Director Jeong said, “Price uncertainty is still high due to public utility rate increases and international oil price instability from the Middle East. In a situation where the direction of monetary policy has shifted from austerity to easing, expansionary finances are likely to increase the pressure to increase prices,” adding, “For all citizens.” He emphasized, “It is desirable to avoid providing support in the form of cash distribution and provide support selectively to vulnerable groups such as small business owners, self-employed people, and marginal enterprises.”

Kwon Nam-hoon, director of the Korea Institute for Industrial Economics and Trade, also said, “Considering the increase in national debt and the lack of tax revenue, fiscal investment must be approached with great caution. Even if finance is invested, it is desirable that it be at an essential level in the form of accompanying structural reform.”

Director Jeong said, “The current monetary policy is tight and fiscal policy is expansionary, but fiscal expansion could further increase this imbalance,” and added, “We can consider a limited amount of fiscal spending for the vulnerable.”

Considering that a war is taking place around the world to strengthen the competitiveness of high-tech industries such as artificial intelligence (AI), semiconductors, and robots, there have been many calls for the Korean government to take an active role.

Director Jeong said, “It is necessary to approach subsidy support for high-tech industries such as semiconductors from the perspective of investment for future food, as opposed to increasing debt due to consumer spending,” and added, “Payment of subsidies to protect and foster specific industries in cross-border trade should be done within each country.” “It is time to refer to academic theories and actual cases that are beneficial to the economy,” he advised.

Director Kwon said, “Investment tax credits only benefit companies when they make actual operating profits, but subsidies are actually helpful because they are received immediately at the time of investment.” He added, “As global competition has intensified, our companies have become the best in technology and production capacity in the world.” “Maintaining the level is of the utmost importance, so various means need to be developed,” he said.

The biggest variables that will determine our economy for the remaining fourth quarter and next year were the information technology (IT) economy, including semiconductors, and the U.S. presidential election.
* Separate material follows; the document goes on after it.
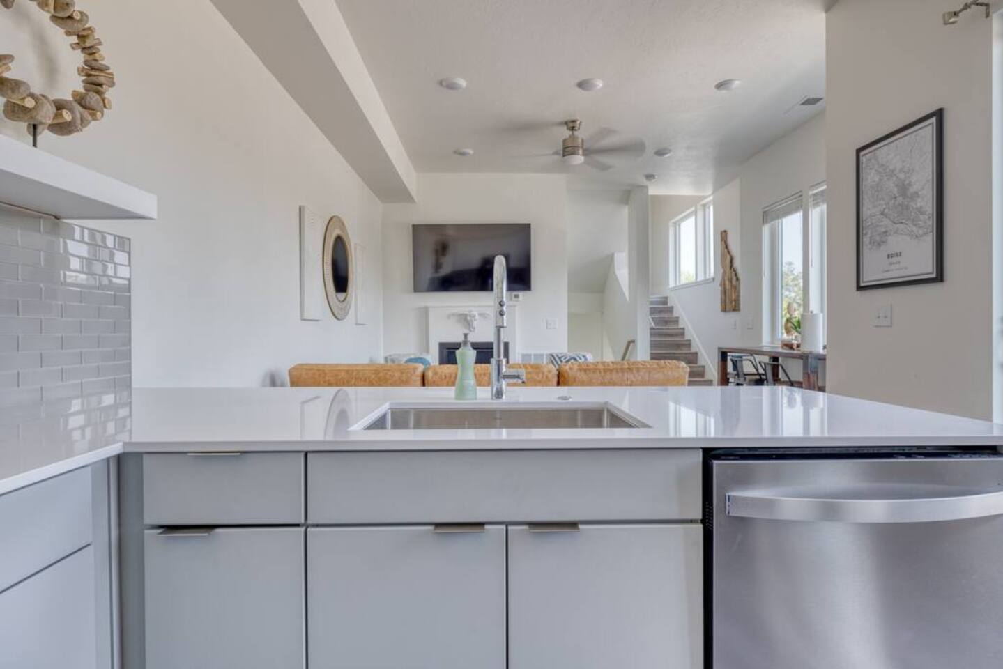 The townhome is located in Boise's West End near the popular Esther Simplot Park, Quinn's Pond, and the Boise Whitewater Park. There’s something for everyone; bike rentals, paddle board rentals, play structures, picnic tables and more. Homes in the area range from brand new, to mid-century, and near turn-of-the-century cottages. It's a part of Boise that is well established and yet, also up and coming. You can walk to downtown (1.5 miles one way), and is also quite easy on a scooter, bicycle or by car (lots of parking available downtown).

Semiconductors account for 20% of Korea’s total exports. When the semiconductor economy slows down, exports also take a big hit. With Nvidia’s recent sluggish orders in the U.S. and poor performance forecasts for next year, the theory that the semiconductor market is at its peak is spreading, making the government very nervous.
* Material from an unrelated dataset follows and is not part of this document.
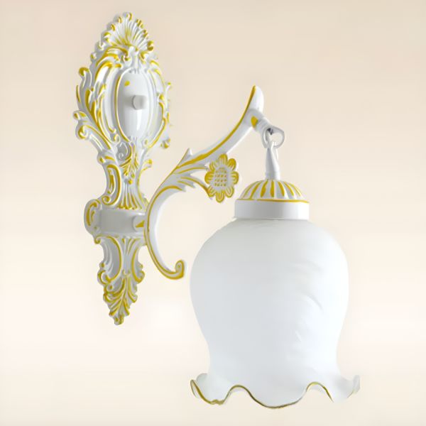Floral Frosted Glass Wall Light Sconce Vintage Bedside Wall Sconce with Arched Arm - White 110V-120V

Director Kwon said, “In the short term, the speed of economic recovery in the IT sector is important,” and “I believe that the factor that will have a mid- to long-term impact on a larger scale is the result of the US presidential election. This is related to the direction of US-China relations, the trade environment, and changes in the global conflict situation. “It will have a big impact on other areas as well,” he predicted.

LG Management Research Institute said, “The results of the US presidential election in November will be the biggest variable for our economy,” and predicted, “If former President Donald Trump is re-elected, the US and global economic growth rates will slow down somewhat due to concerns about uncertainty and price instability.” did it

Regarding the future direction of household debt management, there were many opinions that micro-management was needed, taking into account the repayment ability of each borrower rather than the total amount. In order to stabilize the real estate market, it was ordered to expand supply.

LG Management Research Institute said, “There is a large difference in real estate market temperature between Seoul, the metropolitan area, and the provinces,” and suggested, “More microscopic real estate and household debt measures that are applied differently depending on the region and borrower are more appropriate than aggregate indicators such as household debt balance.” did it

Director Jeong said, “Because monetary policy alone has its limits, we need to induce price stabilization by expanding real estate supply.”